Lo è ancor di più il rimirarla dal basso, a mezza costa, nei pressi del piccolo cimitero del borgo di Amora.
Lì, nel silenzio di pietre antiche, volti silenziosi e sguardi pacati, si afferra un legame profondo tra terra e cielo, lì, dove gli affanni terreni misurano la loro caducità di fronte al mistero, con la roccia dolomitica perenne che svetta sul cuore dei vivi e sul riposo dei morti. Da piccina la sogguardavo dal basso, aspra e nello stesso tempo fragile, e riconoscevo nei tratti e negli spigoli un volto, il volto della Montagna, il volto stesso dell’essere bergamasca della valle.

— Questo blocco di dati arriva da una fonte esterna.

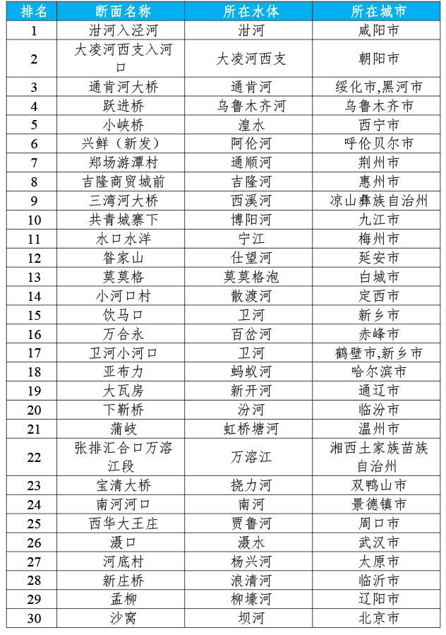 咸陽市泔河入涇河、朝陽市大凌河西支入河口和綏化市/黑河市通肯河大橋等30個國家地表水考核斷面水環(huán)境質(zhì)量變化情況相對較好(從第1名至第30名),渭南市裕西、天津市新老米店閘和玉溪市化念水庫等30個國家地表水考核斷面水環(huán)境質(zhì)量變化情況相對較差(從倒數(shù)第1名至倒數(shù)第30名),見附表3—4。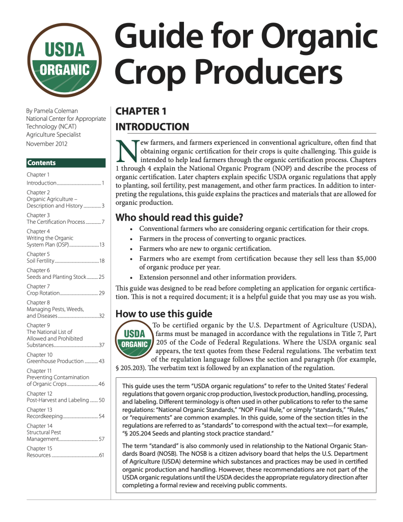 Guide for Organic Crop Producers, USDA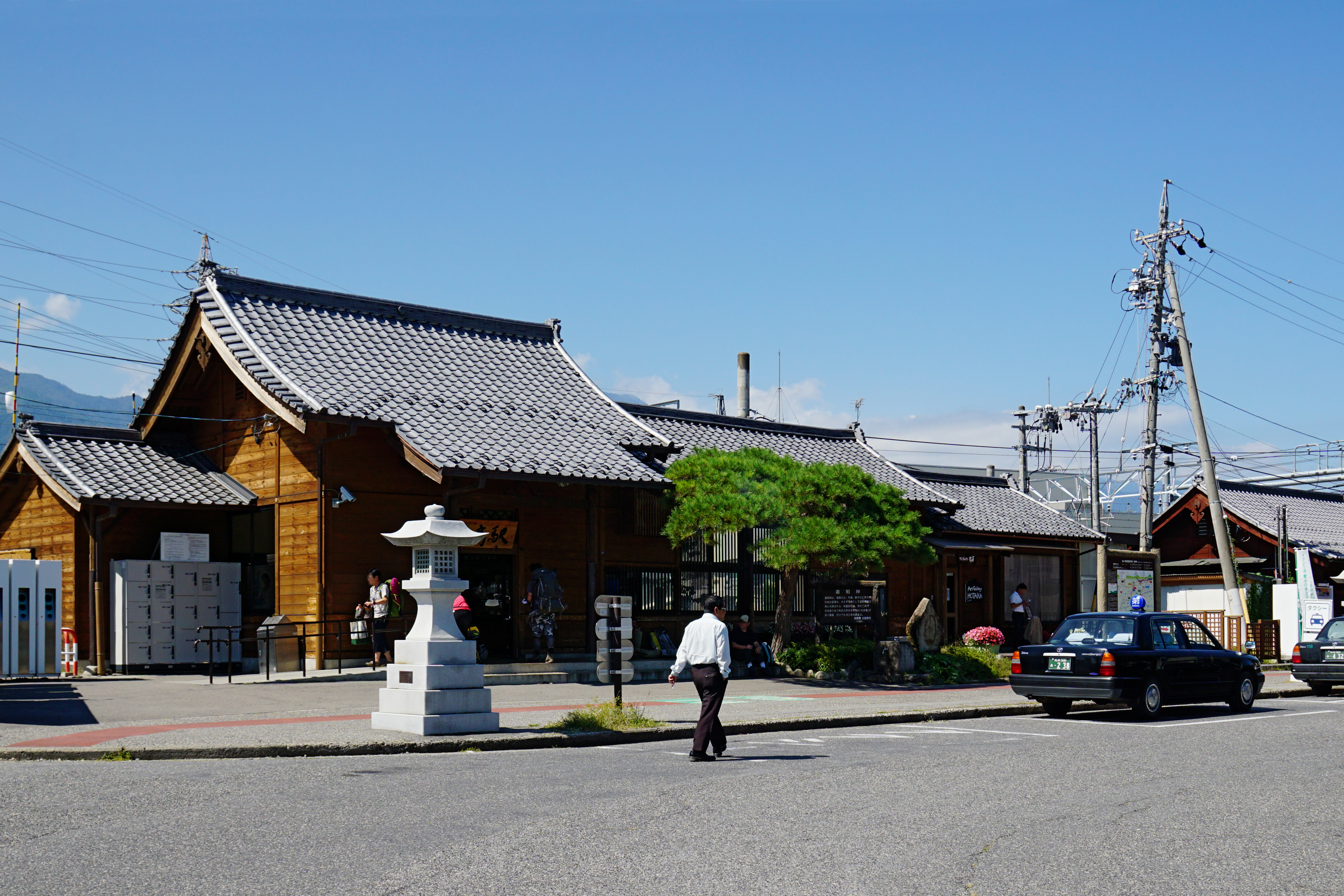 동일본 여객철도(JR 동일본) 오이토선 및 시노노이선이 지난다. 오이토선은 아즈사바시 역, 히토이치바 역, 나카가야 역, 미나미토요시나 역, 도요시나 역, 하쿠야초 역, 호타카 역, 아리아케 역, 아즈미오이와케 역을 지난다. 시노노이선은 타자와 역과 아카시나 역을 지난다.

Più grande, avendo ricevuto incarico di insegnante a Cividino, quasi sul confine con la terra bresciana, l’enorme malinconia, data dal percorrere le sperdute campagne solitarie e piatte, si stemperava in una gioiosa e inebriante attesa quando, sulla strada del ritorno, appena superato il paese di Grumello, scorgevo il triangolo conosciuto, Lei, che mi diceva che là era la mia casa; la mia anima faceva un guizzo, proiettava in alto il proprio ardore e io mi consolavo”Anche per oggi ritorno alla mia terra”. Pure le partenze per i viaggi recavano il suo saluto: Dalla pista di Orio al Serio o dall’autostrada la si intravedeva solitaria, immobile come una mamma sulla porta di casa, a dare le ultime raccomandazioni. E il ritorno era la prima immagine che cercavo, individuandola subito, dietro il Misma, a lato del Rena, poco lontano dall’Alben e dall’Arera.
Sono legata alla mia terra di montagna come una radice sospesa, la sento vibrare in me in ogni respiro di vento, in ogni scricchiolare di foglia, in ogni sentiero nascosto. Ho ascoltato le poesie degli alberi frondosi che muovendosi nel dolce tramonto estivo cullavano i miei sogni bambini, o quando, carichi di neve, svettavano al cielo e mi portavano fin lassù, nell’azzurro, con le loro lunghe dita di diamanti. Mi raccontavano, mi consolavano, mi inebriavano di vita, mi amavano teneramente, silenziosamente e per sempre. E ora che scrivo poesie e storie, so che lo devo alla Terra, alle mie montagne.